Мурашко знал, где пропадает Врубель, но не слишком любопытствовал, над чем трудится его молодой товарищ, – старшине артели художников с лихвой хватало работ в Кирилловском монастыре. И поэтому первым, кто навестил Врубеля в его уединении, оказался Ясинский – художник сам пригласил литератора посмотреть свою новую работу. Ясинский принял приглашение с интересом, про себя отметив, что его приятель говорит еще меньше обычного, но смотрит лукаво и весело, едва сдерживая улыбку.
– Да скажи уже, наконец, что там у тебя стряслось? – не выдержал Ясинский по пути в мастерскую. – Ты как будто клад нашел, право слово!
– Лучше, Жером, много лучше! Я создал наконец свой шедевр! – воскликнул Врубель в ответ.
Они пришли; Врубель распахнул дверь мастерской и сделал приглашающий жест, как будто встречал важную персону на официальном приеме.
– Милости прошу, ваше превосходительство! – произнес он.
Ясинский, приосанившись и гордо расправив плечи, перешагнул порог. Всем своим видом он старался подыграть Врубелю. Как будто здесь не крохотная мастерская в мансарде киевского дома, но престижная галерея где-нибудь в Москве или Санкт-Петербурге. Будто молодой художник представляет невиданное, гениальное произведение, и сам Ясинский – не малоизвестный литератор, но маститый художественный критик, а то и ректор Академии художеств. Или сам министр просвещения, чем черт не шутит.
Напустив на себя самый важный вид, Ясинский вошел в мастерскую. Он повернулся к работе, на которую указал художник, да так и остолбенел. И было отчего остолбенеть!
Господство холодных тонов роднило картину… С чем? Пожалуй, с морозным узором на стекле, однако не столь прямолинейно.
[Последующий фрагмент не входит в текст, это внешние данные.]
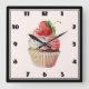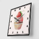 Um relógio com uma ilustração brilhante com um cupcake delicioso. Sorvete branco e um morango grande adoram este doce doce doce.

Так мог бы выглядеть морозный узор, поработай над ним некий сверхъестественный, нечеловечески искусный художник.
На холсте шириной во всю стену бил копытом могучий конь-першерон. Огромный, написанный едва ли не в натуральную величину, статный, светло-серый в белых яблоках, конь мог показаться серебряным изваянием, освещенным множеством мелких бликов холодного солнца. Белоснежные грива и хвост красавца коня ниспадали волнами, едва не достигая земли – вернее, неясного серо-голубого крошева, сверкающего под копытами.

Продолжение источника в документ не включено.